View derivers are unique in that they have access to most of the options passed to pyramid.config.Configurator.add_view() in order to decide what to do, and they have a chance to affect every view in the application.

Exception Views and View Derivers

A view deriver has the opportunity to wrap any view, including an exception view. In general this is fine, but certain view derivers may wish to avoid doing certain things when handling exceptions. For example, the csrf_view and secured_view built-in view derivers will not perform security checks on exception views unless explicitly told to do so.

You can check for info.exception_only on the pyramid.interfaces.IViewDeriverInfo object when wrapping the view to determine whether you are wrapping an exception view or a normal view.

Ordering View Derivers

By default, every new view deriver is added between the decorated_view and rendered_view built-in derivers. It is possible to customize this ordering using the over and under options. Each option can use the names of other view derivers in order to specify an ordering. There should rarely be a reason to worry about the ordering of the derivers except when the deriver depends on other operations in the view pipeline.

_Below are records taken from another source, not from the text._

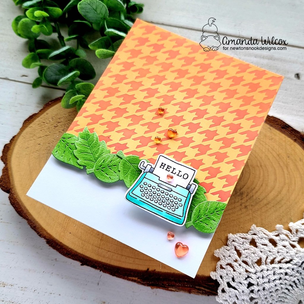 I started by inking up a panel with dried marigold distress oxide ink, then I took the Houdstooth stencil and inked Lawn Fawn guava ink through that with a blending brush. Next, I die cut some leaves from the Flower Trio die set and gave them some detail with a copic marker.
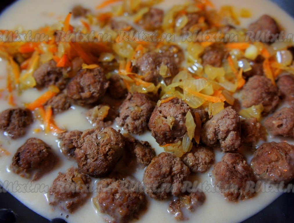 Добавить в сливочный соус фрикадельки, овощи, молоко, соль. Перемешать. Тушить на медленном огне в течение 15 минут. Периодически перемешивайте, иначе может подгореть!
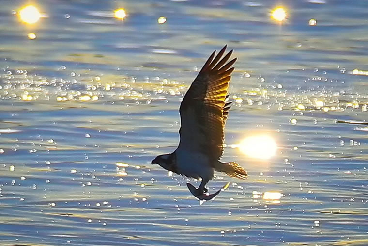 夕暮れ時に、ミサゴが獲物をゲットしてご帰宅です。
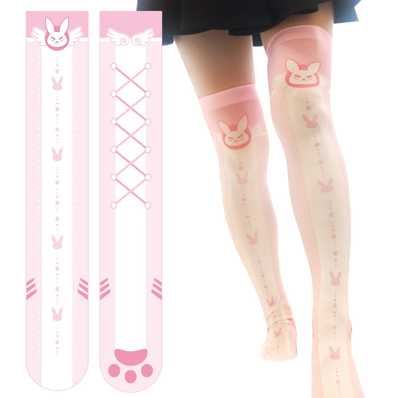 Аниме игра Ow d.va Косплей о наколенниках для женщин девочек Dva Лолита длинные носки для девочек в стиле "Лолита" Розовая модель для вечевечерние НКИ на Хэллоуин
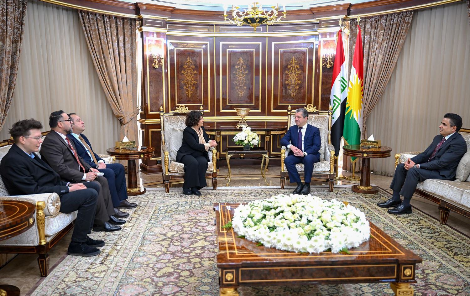Serokwezîrê Herêma Kurdistanê Mesrûr Barzanî li Hewlêrê bi Alîkara Serokê Parlamentoya Herêma Nordrhein-Westfalen a Almanyayê Bêrîvan Aymazê re civiya.

Both over and under may also be iterables of constraints. For either option, if one or more constraints was defined, at least one must be satisfied, else a pyramid.exceptions.ConfigurationError will be raised. This may be used to define fallback constraints if another deriver is missing.

Two sentinel values exist, pyramid.viewderivers.INGRESS and pyramid.viewderivers.VIEW, which may be used when specifying constraints at the edges of the view pipeline. For example, to add a deriver at the start of the pipeline you may use under=INGRESS.

It is not possible to add a view deriver under the mapped_view as the view mapper is intimately tied to the signature of the user-defined view callable. If you simply need to know what the original view callable was, it can be found as info.original_view on the provided pyramid.interfaces.IViewDeriverInfo object passed to every view deriver.

Warning

The default constraints for any view deriver are over='rendered_view' and under='decorated_view'. When escaping these constraints you must take care to avoid cyclic dependencies between derivers. For example, if you want to add a new view deriver before secured_view then simply specifying over='secured_view' is not enough, because the default is also under decorated view there will be an unsatisfiable cycle. You must specify a valid under constraint as well, such as under=INGRESS to fall between INGRESS and secured_view at the beginning of the view pipeline.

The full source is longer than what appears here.